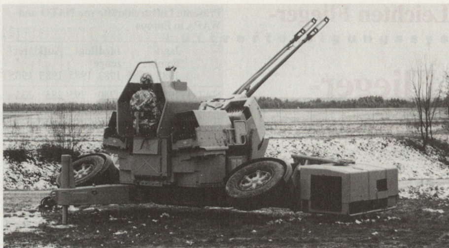
Abb. 1. Nachgerüstete 35-mm-Flab-Kanone mit Visier Gun King, Nachladeautomat, integrierter Stromversorgung und diversen Optimierungen an Steuerung und Kanone.

1500 m) für den Selbst- und Objektschutz gegen Tiefflieger und Helikopter. Was verlangt nun das Bedrohungsbild zunächst von unseren bereits vorhandenen Flab-Mitteln?
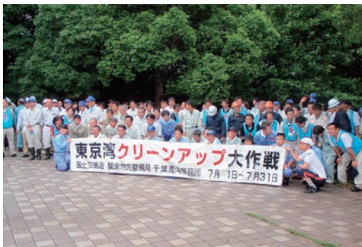
東京湾クリーンアップ大作戦
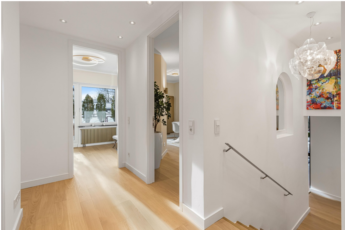
Flur- und Eingangsbereich
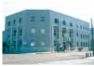
北方民族資料館 ☎22-4128/末広町21-7
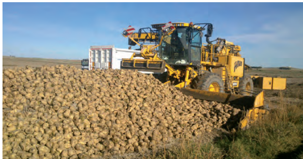
Imagen de la recogida de la remolacha en una parcela de la zona norte.

Una cosecha de buena calidad gracias a las condiciones de la planta, libre de plagas y con apenas inci-
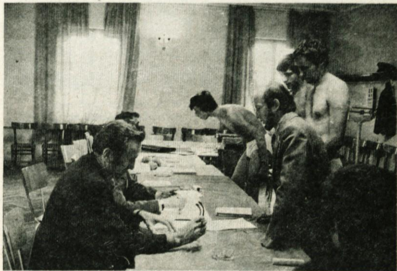
Vojaški nabor ni več samo pregled telesnih in duševnih sposobnosti naših mladincev, ampak tudi usmerjanje le-teh v posamezne rodove Jugoslovanske ljudske armade in organizirane šole na vojaškem področju

S sprejemom sklepov svetov KS o imenovanju odborov za ljudsko obrambo in družbeno samozaščito je bila zaključena prva faza obrambnih priprav v KS.
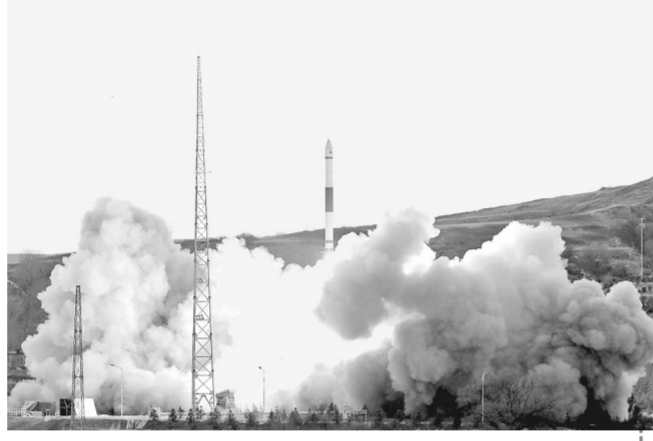
12月7日16时52分 我国在太原卫星发射中心用快舟一号甲运载火箭,采用“一箭六星”的方式,成功将和德二号A/B卫星、天仪16/17卫星、天启四号A/B卫星发射升空。
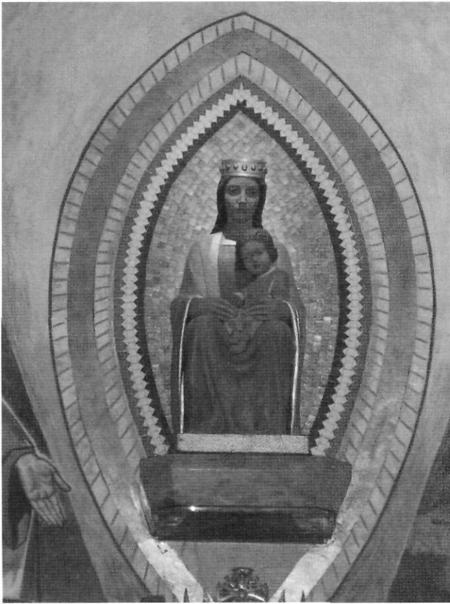
Imatge actual de la Mare de Déu, obra de l'escultor Ferran Bach Esteve, beneïda el setembre de 1963

ens mostra el miracle de la multiplicació dels pans i dels peixos, una eucaristia metafòrica perquè el que Jesús recomana als assistents a les Noces és omplir-se de fe, aliment espiritual, i no d'aliment real. A la volta de l'absis hi ha la representació de quatre àngels que baixen del cel per adorar la Verge, dintre de la més gran tradició mariana. A les parets exteriors de l'absis s'hi van representar diferents passatges que fan al·lusió a la tradicional processó de la Mare de Déu de Pallerols a la Sénia, amb la seua cara il·luminada mentre és venerada pels senienços. Aquestes pintures laterals són siluetes negres sobre un fons verd fosc, estil que dificulta la comprensió de les escenes. Com a encapçalament de les escenes de la part esquerra de la capella hi ha la sentència en català: "Vetlleu sempre Sta. Mare per la Cènia i els seus fills..." i a la part dreta trobem la frase en castellà: "En solemne procesión os bajaron a la villa". Cal dir que sempre s'ha dit entre la gent de la Sénia que alguns joves del poble van servir de models per a les figures representades en aquestes pintures. Davant l'altar trobem un antependi (frontal de l'altar) que representa els quatre evangelistes en la seva forma zoomorfa i que va ser fet amb tesselles i col·locat el 22 d'agost de 1962.
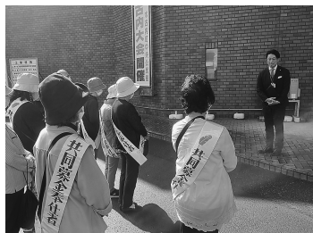
▲鈴木町長より激励の挨拶
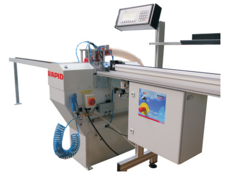
Abb./fig. 3: GLX Holz mit Posi-Basic/ GLX Holz with Posi-Basic

RAPID-Maschinenbau GmbH -Vertrieb- D-72415 Grosseffingen · Balingen Str. 29
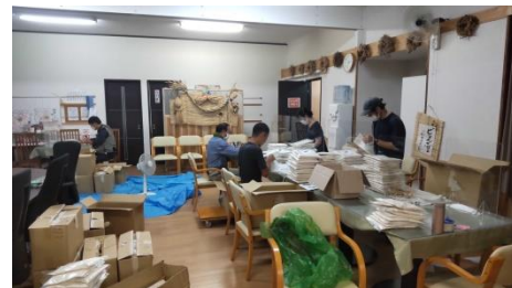
2022年8月玄米粉船便輸送の準備
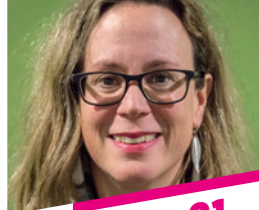
UTI JOHNE 21

52 Jahre / Diplom-Ingenieur / seit 1998 in München / Ich wünsche mir eine nachhaltige Energieversorgung und effiziente Mobilitätslösungen für den Münchner Osten.
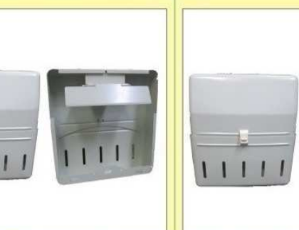
郵便受箱(両面プレス用) KD-3S型 ¥23,600 (アイボリーホワイト)
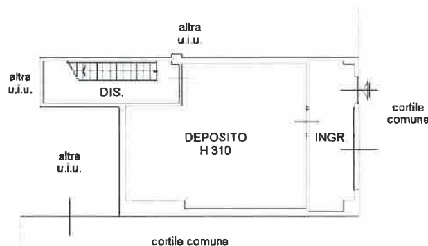
PIANO TERRA H. 375
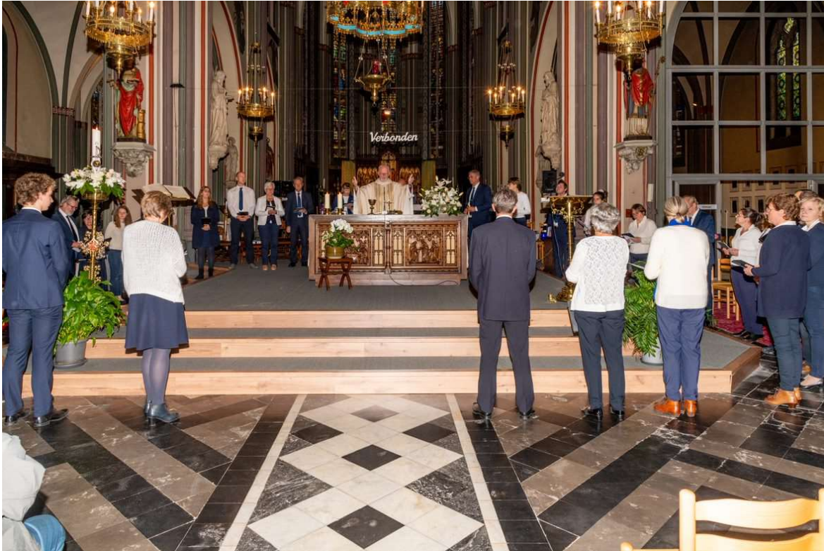
'Hymn of praise' klonk hemels rond het altaar.
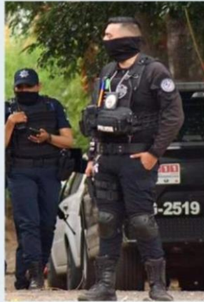
■ Policías tapatíos resguardaron la escena del crimen en Rancho Nuevo.

“En ambos casos, personal de la FE ya se encuentra recabando indicios
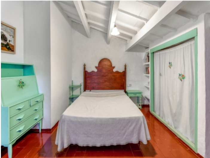
Zweites Schlafzimmer mit Einbauschränk
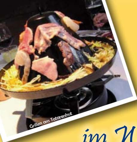
Grillen am Tatarenhut
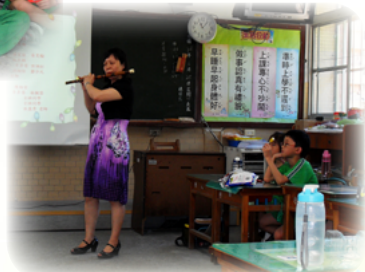
惜別會時演奏中國笛和學生同歡樂
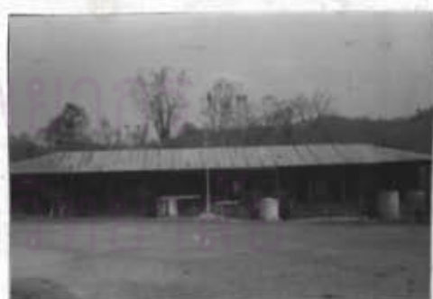
ภาพที่ 8 โรงเรียนแม่ชาน
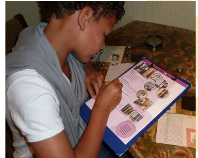
De B-opdracht (voor leerlingen vanaf een jaar of 14) werd in 2011 geheel vernieuwd en na een uitgebreide testfase met succes in gebruik genomen.
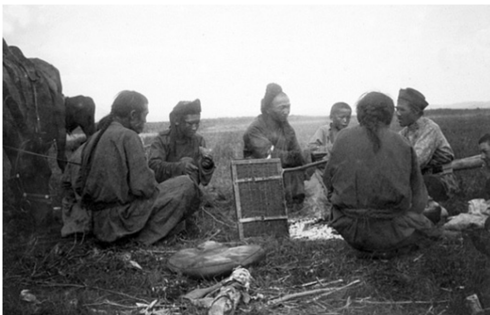
Рис. 2. Сойоты (тувинцы). Урянхайский край Fig. 2. Soyots (Tuvans). Uryanghai region

сенную глиняной стеной на четыре стороны. Около «хуре» находилось отдельное помещение князя хошуна Ван, тоже обнесенное глиняной стеной с разбитым садом из тополей. Русские фактории находились на почтительном расстоянии от «хур» и их было немного. Местность, на которой раскидывался Уланком, граничила с владениями двух хошунов – Далай хан и Ван: «Князь хошуна Далай хан находится в горах, на западе от Уланкома. Князь хошуна Вана живет здесь на “хуре”. Хотя это не из постоянных мест его пребывания – он летом кочует в горы» (ГАИО. Ф. 25. Оп. 11. Д. 29. Л. 8). Дальнейшая разведка давала характеристику расположения г. Улясутая, находящегося в долине р. Загастай: «... с севера рядом с городом невысокая гора, дальше на север высокий хребет, на юге долина Загастая и дальше горы, вообще Улясутай стоит среди больших гор, всюду видны лишь горы да камни, растительность – тощие кусты карагана, а на горах совсем ничего нет, дома в городе китайские фанзы-мазанки, с бумажными окнами и потолками, ограда – частокол из лиственничного нетолстого леса, улица узкая, торговцев около 50 фирм ... – 10 крупные, остальные мелкие, около 20 мастерских, скорняки, портные, шубники, серебряники, кузнецы и столяры. Китайские власти в Улясутае дзянь-дзюнь и два амбаня – помощника дзянь-
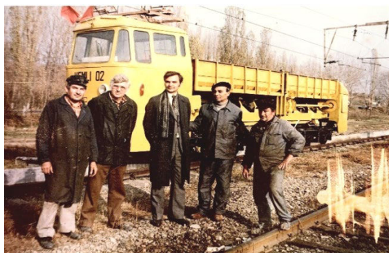
Fig. 3. Din activitatea de realizare a vehiculului cu motor liniar VEMLI-02.

Realizarea experimentării din cadrul Intreprinderii de Transport Iași-I.T.I și a activității în cadrul contractual al CCSIT-Electroputere Craiova au dus la acumularea unei experiențe importante și la validarea unor soluții deja folosite. In consecință, colectivul ieșean, reunit sub denumirea GRUMOLIN - Grup motor liniar, a început o activitate de prospectare a unor beneficiari pentru sistemul de transport deja realizat, sistem care contura o serie de avantaje sigure. Printre beneficiari s-a numărat Întreprinderea de Materiale de Construcții din Iași (I.M.C.), care dorea să înlocuiască transportul argilei din dealul Vlădicenilor la Fabrica de Cărămizi, transport care se realiza cu autobasculante pe o distanță de 1,3 km și care ridica probleme de combustibil scump și de disciplină a șoferilor. Ideea de a înlocui toate basculantele consumatoare de motorină cu un singur vehicul acționat electric era foarte atractivă. În consecință, s-a realizat un studiu de oportunitate și fezabilitate,
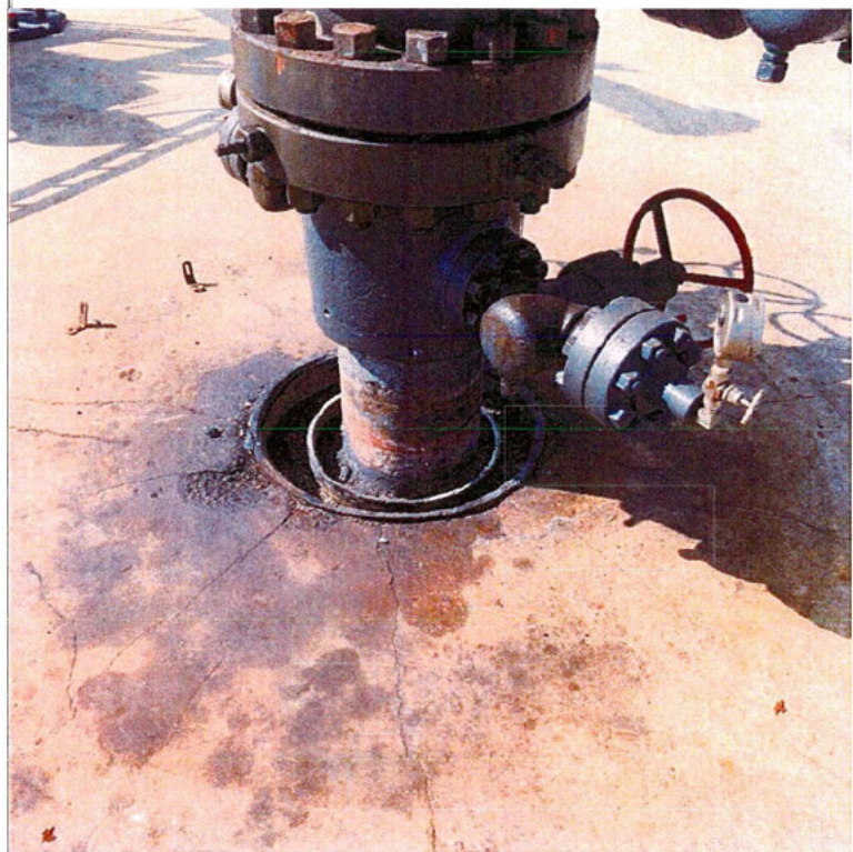
Afbeelding 3: MDM-GT-04 status 22-08-2019
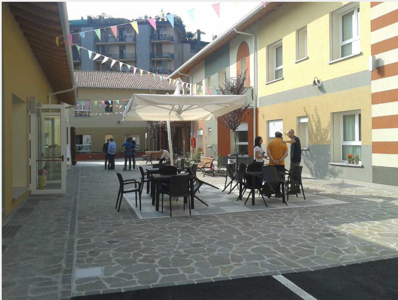
Il Paese Ritrovato, il borgo che accoglie persone con demenza

malattia della demenza. Eppure qui, a Monza, la Cooperativa La Meridiana ha pensato di rispondere a questa drammatica malattia con un ingegnoso stratagemma. Ispirati da alcune esperienze olandesi, il team di Meridiana ha pensato che un borgo, un piccolo villaggio, potesse rappresentare una risposta all'Alzheimer. Trovati i finanziamenti, La Meridiana, nel giro di poco più di un anno e mezzo, ha costruito una cittadina: il Paese Ritrovato . Dal 25 giugno il villaggio ha aperto le sue porte e vi abitano 32 persone.
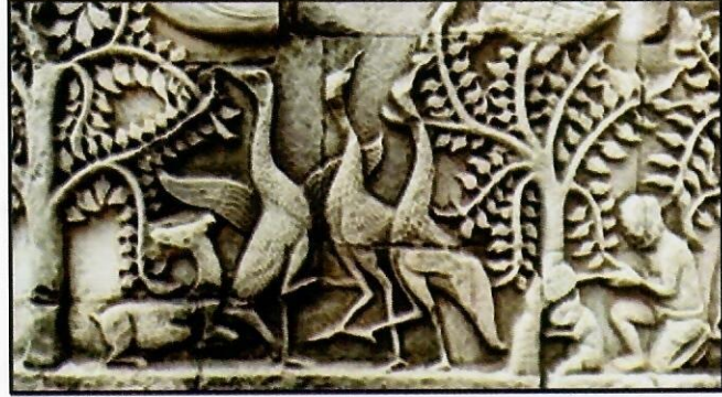
រូបចម្លាក់សត្វក្រៀលដែលត្រូវបានធ្លាក់ជាប់នឹងផ្ទាំងថ្ម នៃប្រាសាទបាយ័ន នៅខេត្តសៀមរាប

សត្វក្រៀលមានវត្តមាននៅក្នុងប្រទេសកម្ពុជាតាំងពី យូរលង់ណាស់មកហើយគិតចាប់ពីសម័យអង្គរ នាសតវត្ស ទី៩ ដល់ សតវត្សទី១៥។ បើសិនយើងបានទស្សនាប្រាសាទ បាយ័ននៅខេត្តសៀមរាប យើងនឹងឃើញរូបចម្លាក់សត្វ ក្រៀលដែលត្រូវបានធ្លាក់ជាប់នឹងផ្ទាំងថ្ម។ ប្រជាជនមូលដ្ឋាន ធ្លាប់មានជំនឿថានៅពេលដែលមានសត្វក្រៀលមួយគូហើរ រំលងដំបូលផ្ទះនរណាម្នាក់ នោះនឹងមានគុស្នេហ៍វ័យក្មេង នៃគ្រួសារនោះពង្រត់គ្នាពុំខាន។ ប៉ុន្តែសព្វថ្ងៃនេះ ប្រជាជន ឈប់ជឿអបិយជំនឿនោះទៀតហើយ។
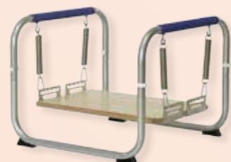
pedalo®-Stabilisator „Sport“ Art.-Nr.: 653085-01

„Therapie“ seine volle Wirkung im Einsatz von Patienten mit neurologischen Ausfällen. Bei Senioren wird er bevorzugt zum Training des Gleichgewichtes, der Standsicherheit und zur Sturzprophylaxe eingesetzt.

::::::::::

Work instruction:
Transcribe the lines above exactly, beginning at the one with "encuentra recabando indicios" and ending at the one with "Fig. 3. Din". Include both; exclude the pictures.

Exercise answer:
“En ambos casos, personal de la FE ya se encuentra recabando indicios
Zweites Schlafzimmer mit Einbauschränk
Grillen am Tatarenhut
惜別會時演奏中國笛和學生同歡樂
ภาพที่ 8 โรงเรียนแม่ชาน
De B-opdracht (voor leerlingen vanaf een jaar of 14) werd in 2011 geheel vernieuwd en na een uitgebreide testfase met succes in gebruik genomen.
Рис. 2. Сойоты (тувинцы). Урянхайский край Fig. 2. Soyots (Tuvans). Uryanghai region

сенную глиняной стеной на четыре стороны. Около «хуре» находилось отдельное помещение князя хошуна Ван, тоже обнесенное глиняной стеной с разбитым садом из тополей. Русские фактории находились на почтительном расстоянии от «хур» и их было немного. Местность, на которой раскидывался Уланком, граничила с владениями двух хошунов – Далай хан и Ван: «Князь хошуна Далай хан находится в горах, на западе от Уланкома. Князь хошуна Вана живет здесь на “хуре”. Хотя это не из постоянных мест его пребывания – он летом кочует в горы» (ГАИО. Ф. 25. Оп. 11. Д. 29. Л. 8). Дальнейшая разведка давала характеристику расположения г. Улясутая, находящегося в долине р. Загастай: «... с севера рядом с городом невысокая гора, дальше на север высокий хребет, на юге долина Загастая и дальше горы, вообще Улясутай стоит среди больших гор, всюду видны лишь горы да камни, растительность – тощие кусты карагана, а на горах совсем ничего нет, дома в городе китайские фанзы-мазанки, с бумажными окнами и потолками, ограда – частокол из лиственничного нетолстого леса, улица узкая, торговцев около 50 фирм ... – 10 крупные, остальные мелкие, около 20 мастерских, скорняки, портные, шубники, серебряники, кузнецы и столяры. Китайские власти в Улясутае дзянь-дзюнь и два амбаня – помощника дзянь-
Fig. 3. Din activitatea de realizare a vehiculului cu motor liniar VEMLI-02.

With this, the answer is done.